PROVIDED DATA:
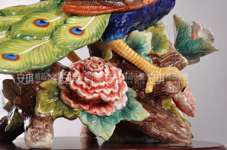 Fangya auspicious big peacock screen ceramic decoration housewarming jewelry wedding engagement newly married TV cabinet wine cabinet decoration
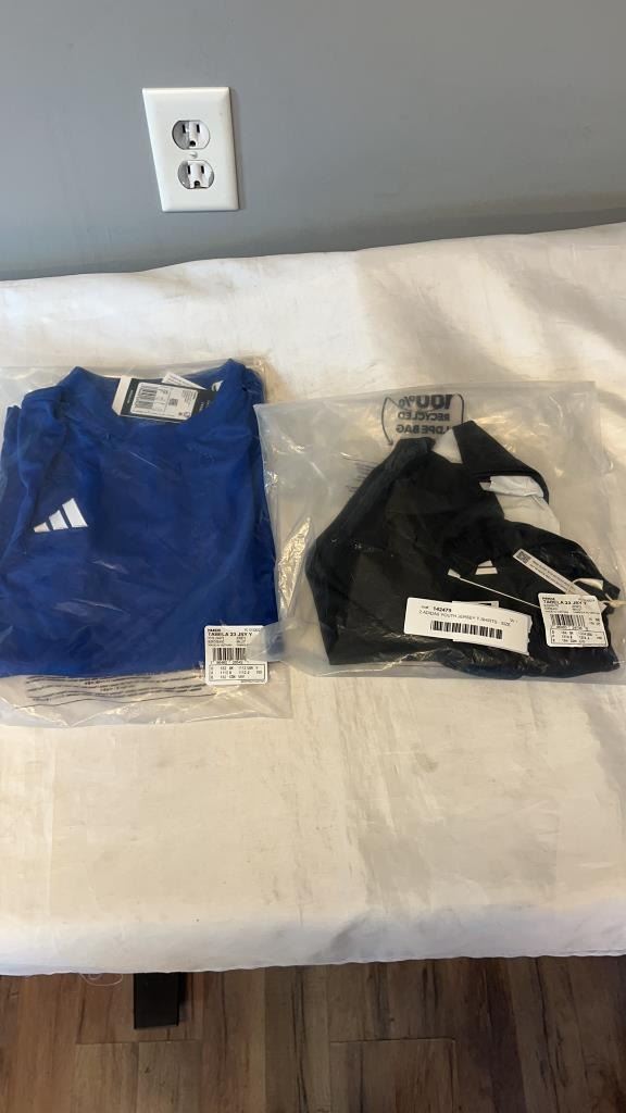 2 ADIDAS YOUTH JERSEY T-SHIRTS - SIZE MEDIUM AND LARGE
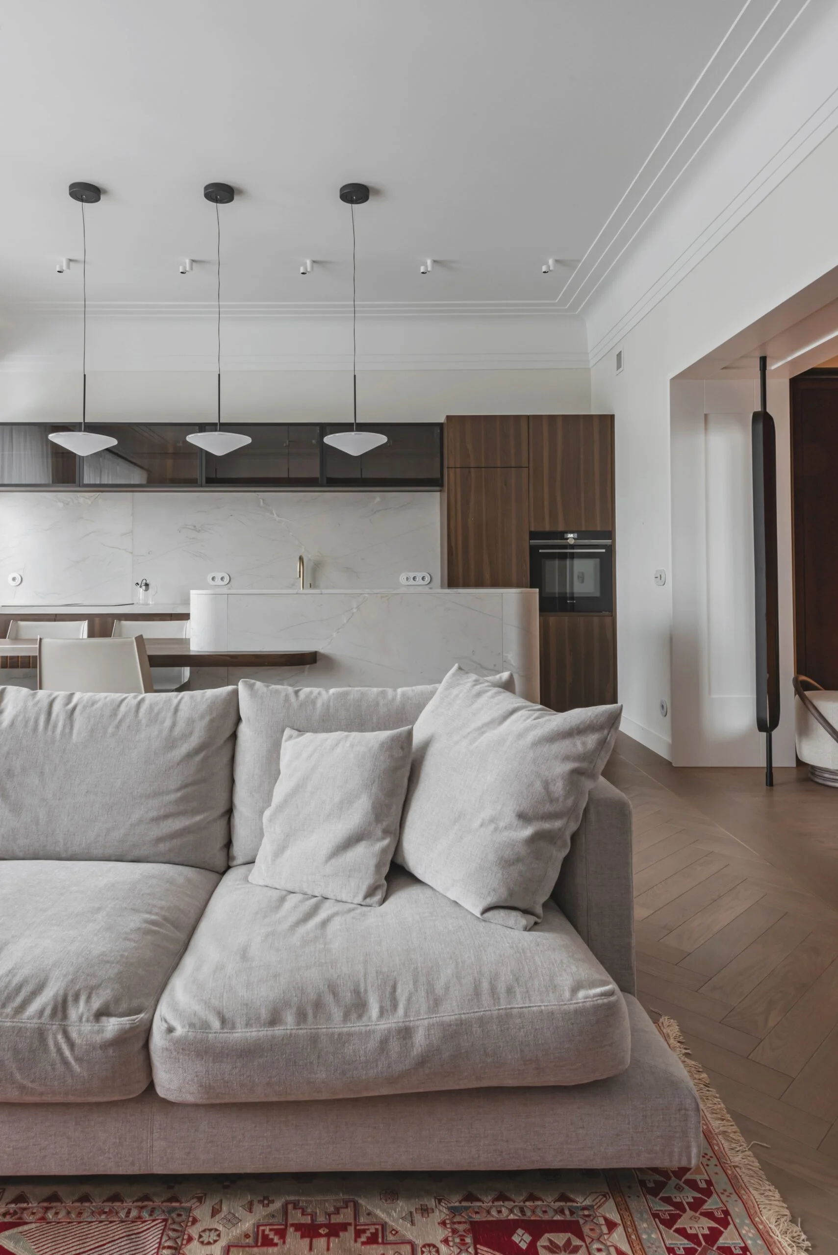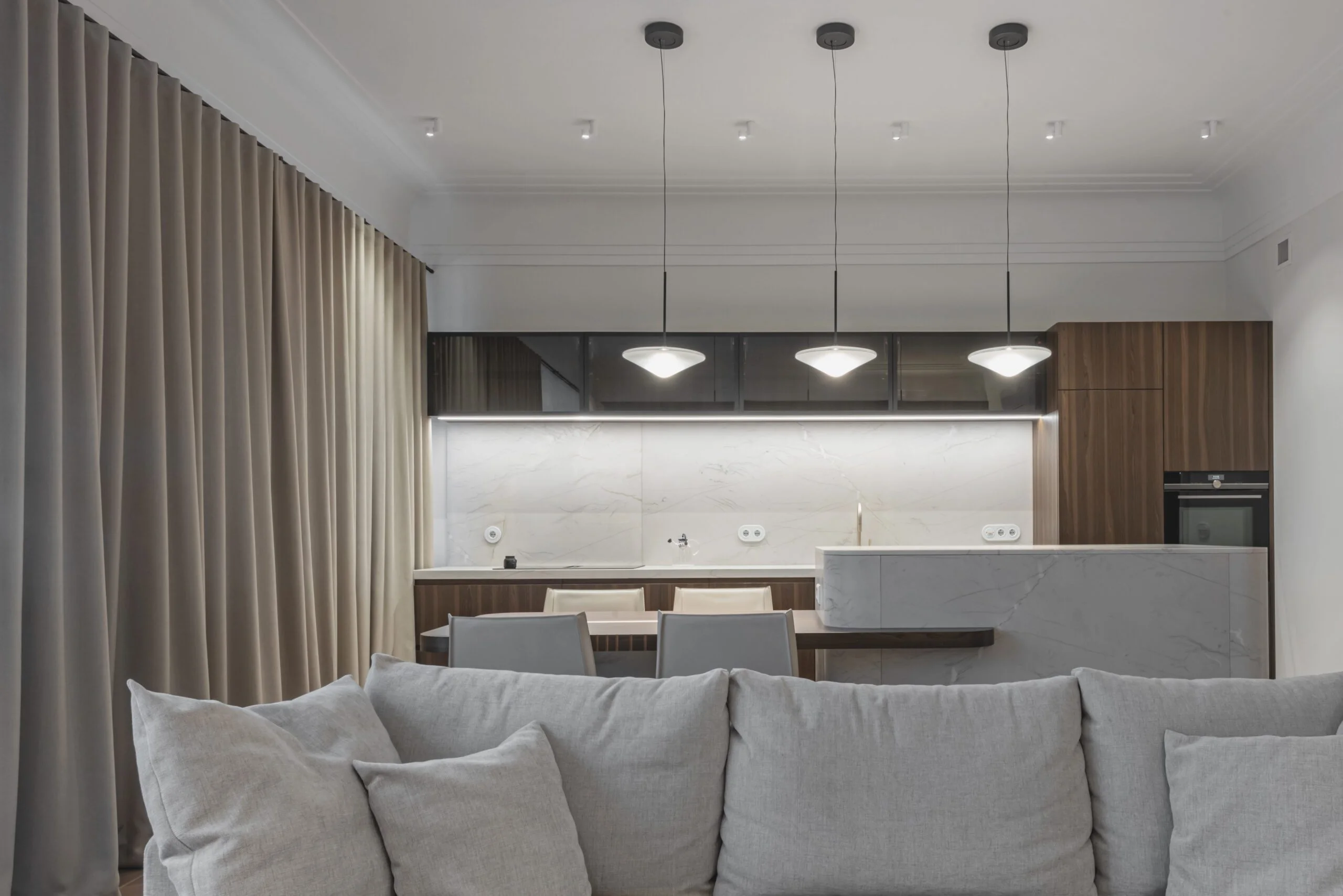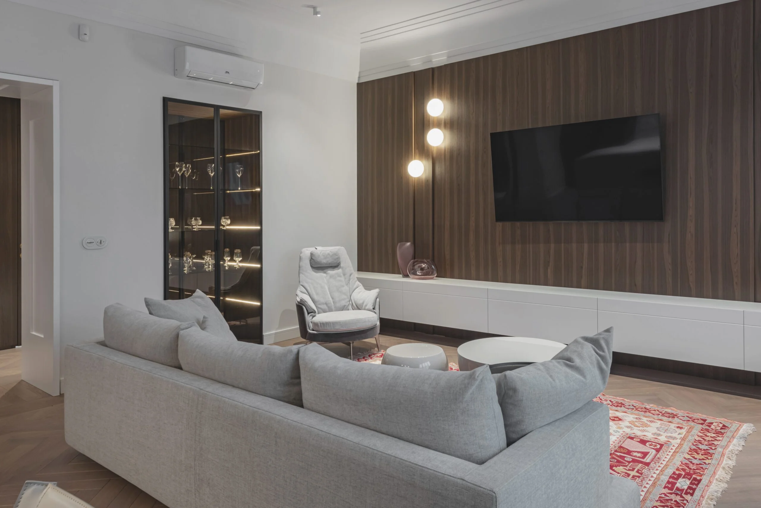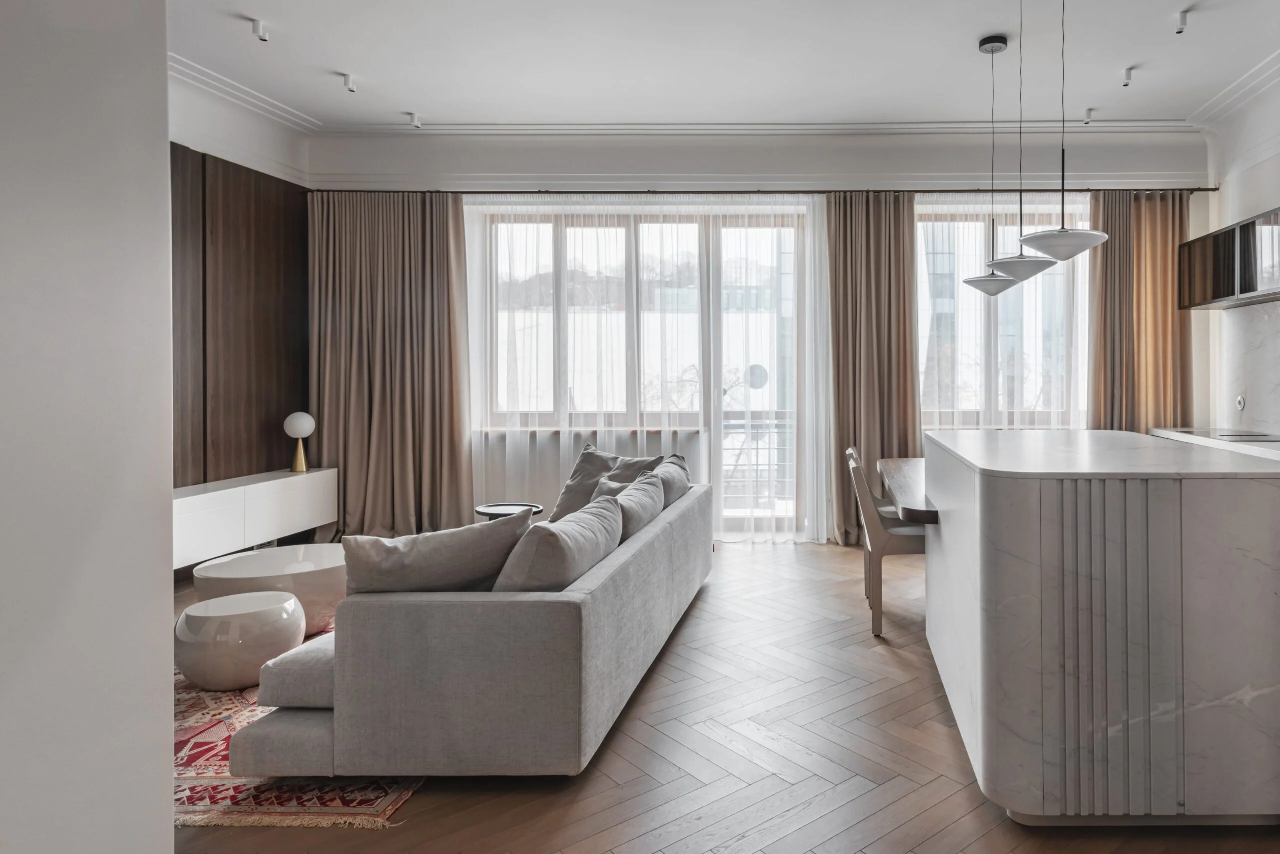 1932 m. inžinieriaus Geršono Davidavičiaus projektuotame name, kurio užsakovai buvo Dovydas ir Gedalis Ilgovskiai, esančio buto interjeras „gelbėtas“ iš euroremonto pinklių ir paverstas į „tarpukarinį perlą“. Namas yra išraiškingas Kauno tarpukario architektūros pavyzdys ir vienas iš geriausiai atpažįstamų Kauno centro gyvenamųjų pastatų. Pirmą kartą pamačius tą liūdną vaizdą – 110 kv. m. butą po jam atlikto pigių sprendimų nestokojančio remonto – užduotis buvo aiški – bent dalinai atstatyti originalų išplanavimą ir atkurti kuo daugiau šiam laikotarpiui būdingų detalių. Visgi, projektui nebuvo aktuali tik istorija, nes UNESCO paveldo sąrašui priklausančio pastato būste šeima norėjo jaukiai leisti savo miestietiškus savaitgalius.
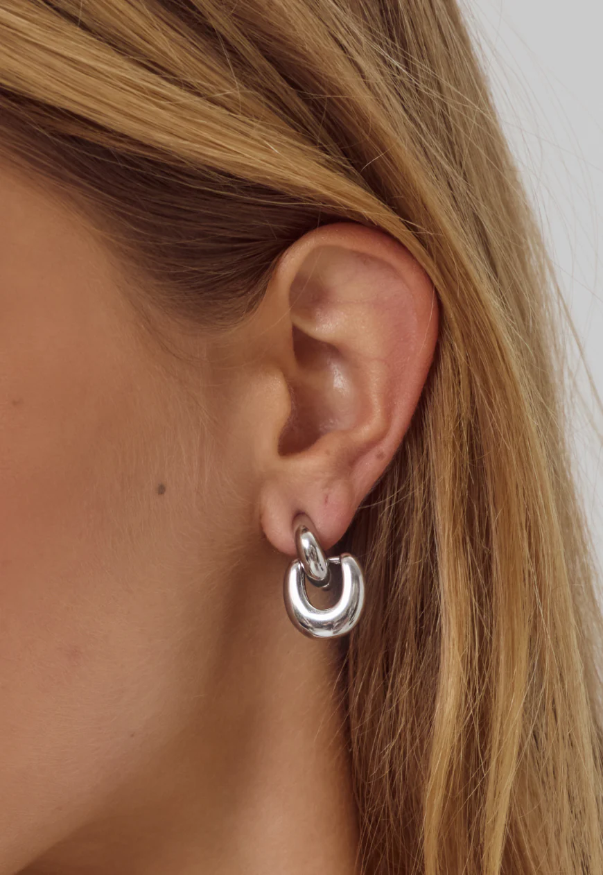 A petite statement with sculptural appeal. The Gabrielle Earrings feature interlocking, high-polish curves crafted in High Polished Stainless Steel. Versatile enough for both a subtle statement or a stacked moment.
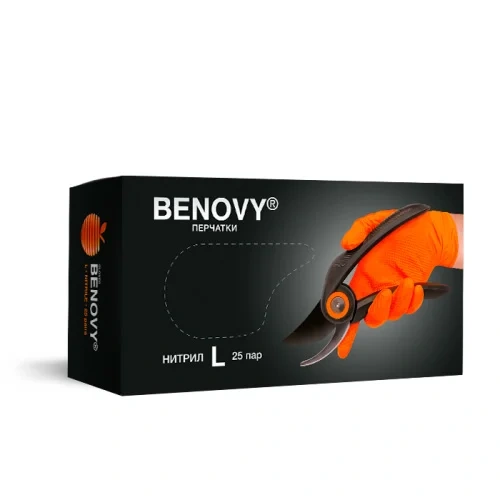 Перчатки нитриловые Benovy Nitrile Ultra Protection BS р.L, оранжевые, особопрочные, 25 пар

WORK INSTRUCTION: The lines to repeat run from the line containing "A petite statement" through the last line of the material above; give them exactly, without the pictures.

ANSWER TO THE PROBLEM:
 A petite statement with sculptural appeal. The Gabrielle Earrings feature interlocking, high-polish curves crafted in High Polished Stainless Steel. Versatile enough for both a subtle statement or a stacked moment.
 Перчатки нитриловые Benovy Nitrile Ultra Protection BS р.L, оранжевые, особопрочные, 25 пар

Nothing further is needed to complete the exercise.